Fate-Colthomancer or Destiny Bender

Mind-Neuromancer or Psychic


----------



## Devon Meyer

Tenebromancer is technically correct for a shadow mancer, but so is Umbramancer, which I see used more often and sounds cooler to me haha.


----------



## MrNybble

A person that can understand and manipulate living matter= Biomancer


----------



## Donno

Air- aeromancer

Water- Hydromancer

Fire- Pryomancer

Earth- terramancer

Nature- herbomancer

Darkness- umbramancer

Energy- electromancer

Metal- geomancer

Ice- cryomancer

Light- Photomancer

Astral Elements:

Space- Choromancer

Time- Chronomancer

Spirit- divimancer

Luck/Destiny- pepromancer

Mind- teleomancer


----------



## Donno

Donno said:


> Air- aeromancer
> 
> Water- Hydromancer
> 
> Fire- Pryomancer
> 
> Earth- terramancer
> 
> Nature- herbomancer
> 
> Darkness- umbramancer
> 
> Energy- electromancer
> 
> Metal- geomancer
> 
> Ice- cryomancer
> 
> Light- Photomancer
> 
> Astral Elements:
> 
> Space- Choromancer
> 
> Time- Chronomancer
> 
> Spirit- divimancer
> 
> Luck/Destiny- pepromancer
> 
> Mind- teleomancer


You could also have earth magic as geomancy and metal magic as ferromancy, but I much prefer it this way


----------



## 0iQ

Physical elements:

Air- *Aeromancer*

Water- Hydromancer

Fire- Pryomancer

Earth- Geomancer

Nature- *Ecomancer*

Darkness- *Altermancer*

Energy- *Electromancer*

Metal- *Ferromancer*

Ice- *Cryomancer*

Light- Photomancer

Astral Elements: *Celestial Sorcerer*

Space- *Astromancer*

Time- Chronomancer

Spirit- *Soul Tamer*

Luck/Destiny- *Diviner*

Mind- *Neuromancer*


----------



## Rob Arnold

This is a great thread, I'm having fun with this.
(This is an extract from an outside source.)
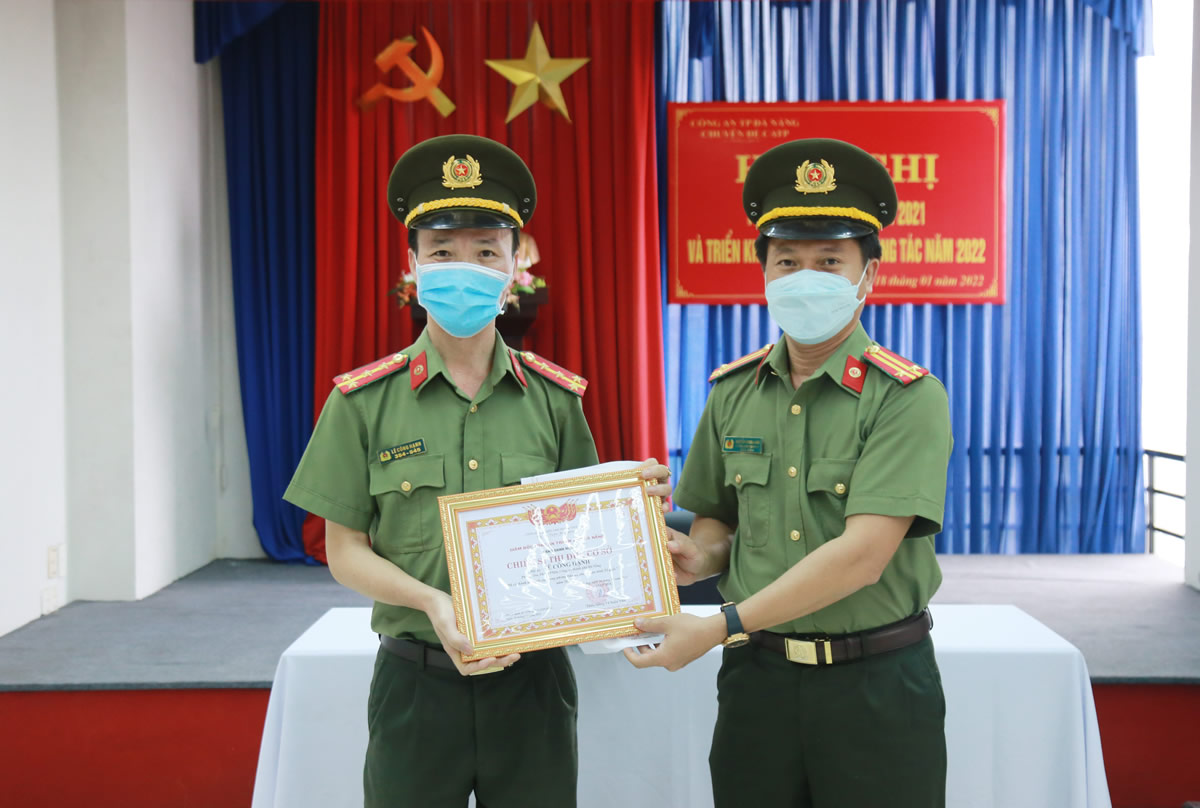 Trung tá Nguyễn Quang Sang trao danh hiệu "Chiến sĩ thi đua cơ sở" của Giám đốc Công an TP Đà Nẵng cho cá nhân. |

My tuppence worth below



Lycan999 said:


> It seems I have run into a wall. I have created a system of 15 elements for my world and am looking for terms for each of the magic users (I call them mages) that specialize in each of the elements and to generalize the field of that element. A few of them I have found terms for and others I have ideas, but a few I am clueless. Here are the elements:
> 
> Physical elements:
> 
> Air- *AEthermancer, Aethermancer, or Ethermancer*
> 
> Water- Hydromancer
> 
> Fire- Pryomancer
> 
> Earth- Geomancer
> 
> Nature- *I'm not sure what you mean by Nature, but I'm gonna presume Flora and Fauna, so how about Biomancer?*
> 
> Darkness- *Nemomancer (I'm pretty chuffed with this one) *
> 
> Energy- *Chimancer*
> 
> Metal- *Slayermancer (!)    I'm joking, sorry....how about Oremancer*
> 
> Ice- *Cryomancer*
> 
> Light- Photomancer
> 
> Astral Elements: *Sorry I'm a bit at sea here as to what this means. Ectomancer?*
> 
> Space- *Voidmancer*
> 
> Time- Chronomancer
> 
> Spirit- *Soulmancer*
> 
> Luck/Destiny- *Seermancer*
> 
> Mind- *Got to be Neuromancer*
> 
> The one I am having the most trouble with is metal, I have tried throwing together some Latin and other languages but nothing sounds right. If you have any ideas please say. Thanks in advance!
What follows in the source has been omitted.